PISTOL SHOTS FIRED.
Pistol shots were fired. Some survivors say they were fired at men who tried to force women and children out of the way. No one who claimed to be an eye-witness to the shooting could be located. One account related in circumstantial detail that the captain and his first officer shot themselves, but Daniel and other passengers positively say they saw the white bearded, grizzled face of the veteran mariner over the top of the bridge just before the railing disappeared. They say that not until then did he jump into the ocean to drown in the suction that marked the last plunge of the Titanic.
The plight of the survivors in the boats was pitiful in the extreme. Few of the women or children had sufficient clothing, and they shivered in the bitter cold blasts that came from the great field of ice which surrounded them. The bergs and cakes of drift ice crashed and thundered bringing stark terror to the helpless victims.

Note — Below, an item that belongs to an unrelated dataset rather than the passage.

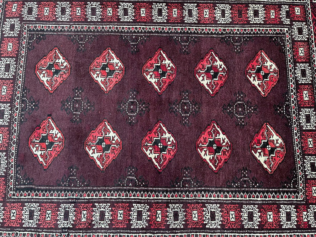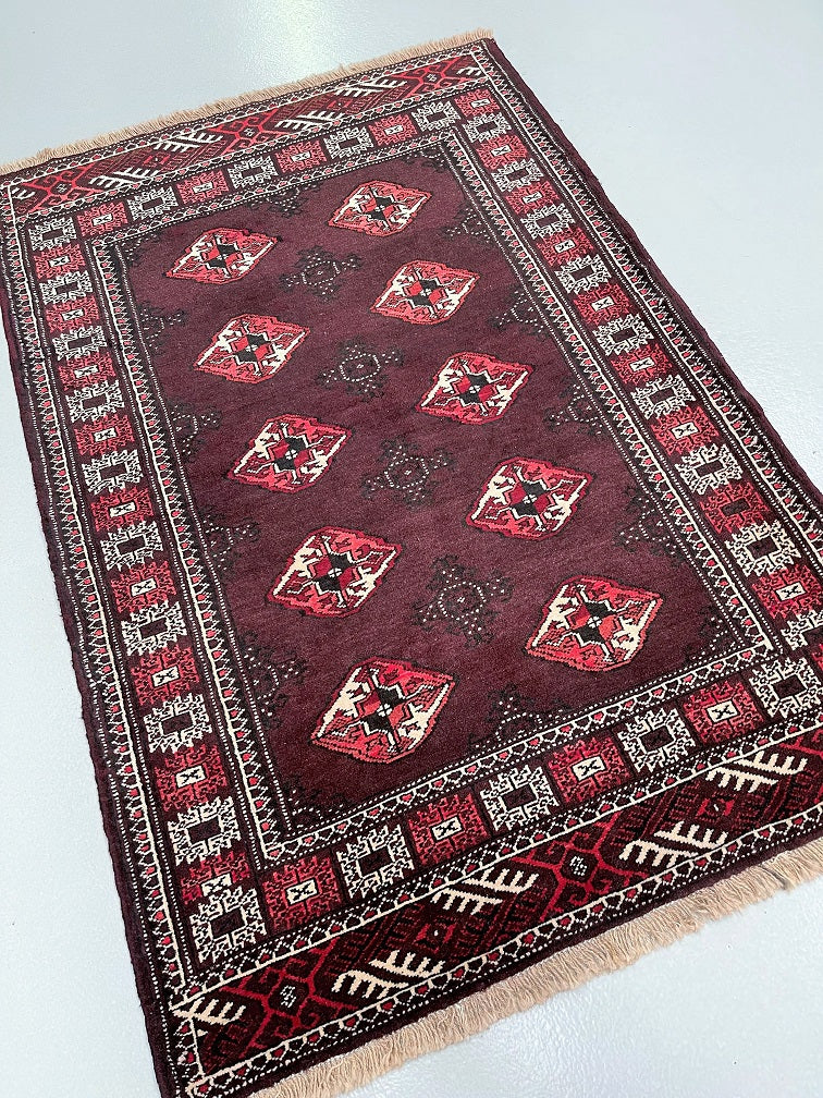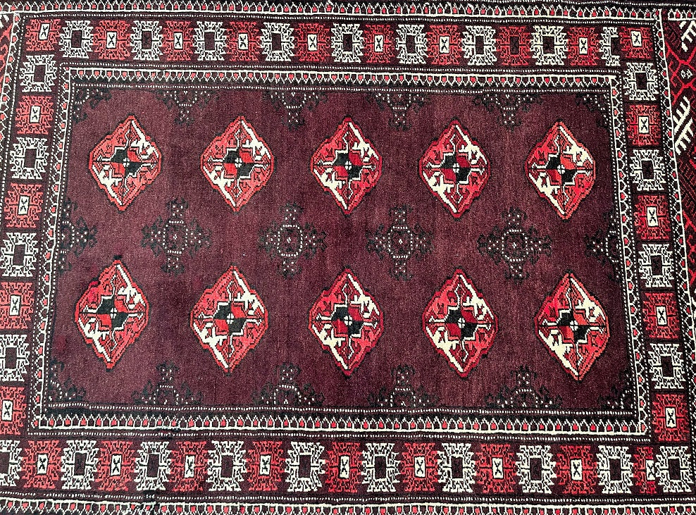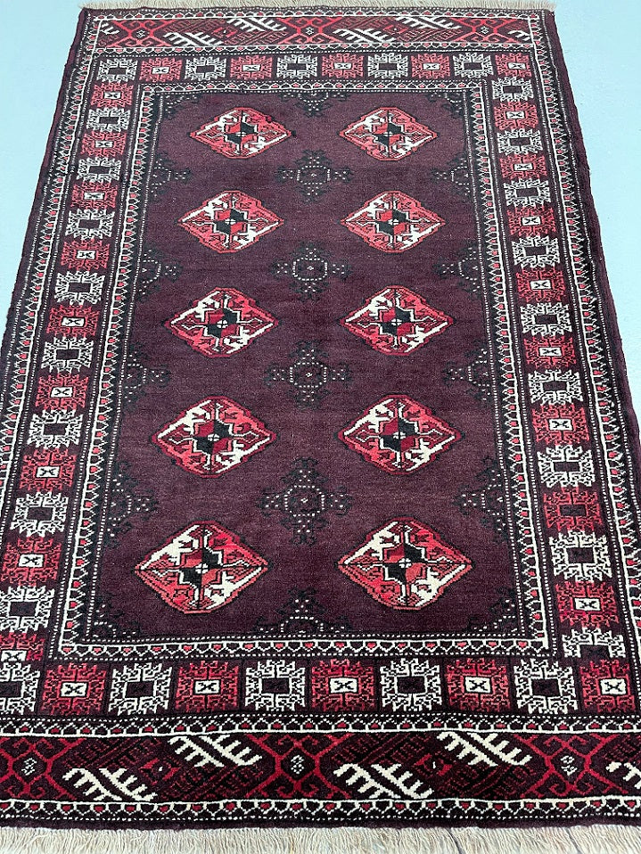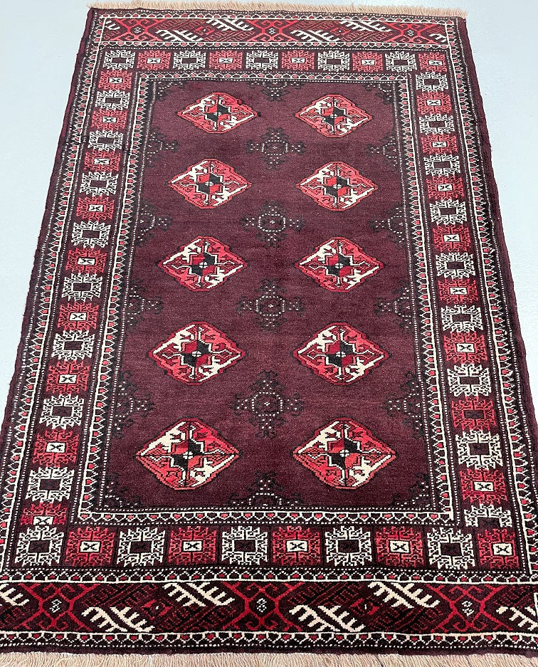 Authentic Handmade Tribal Bokhara Design Persian Turkoman Rug. Above All It Is Pure Hand Spun Wool Pile On Wool Base. It Also Has Rare Scarlet Red/Burnt Chocolate Tone Dyed Using Traditional Methods.

Frail women aided with the heavy oars tearing their tender hands until the blood came. Few of the boats were fully manned, sailors had stood aside deliberately, refusing life that the women might have a chance for safety although their places were in the boats.
Daybreak found the little flotilla bobbing and tossing on the surface of the ocean. It was not known whether help was coming. Panic seized some of the occupants, some of the women tried to jump into the water, and had to be forcibly restrained. The babies, little tots, just old enough to realize their position, found themselves heroes. They set an example which moved their elders to tears as they told of it to-night. Some tried to comfort their stricken parents.
Finally, off in the distant horizon, a sailor in the leading boat, discerned smoke. “We are saved,” went up the cry, and the rescue came just in time, for before the Carpathia had taken aboard the occupants of the last frail craft the waves were increasing in height, kicked up by the wind that had increased with the rising of the sun.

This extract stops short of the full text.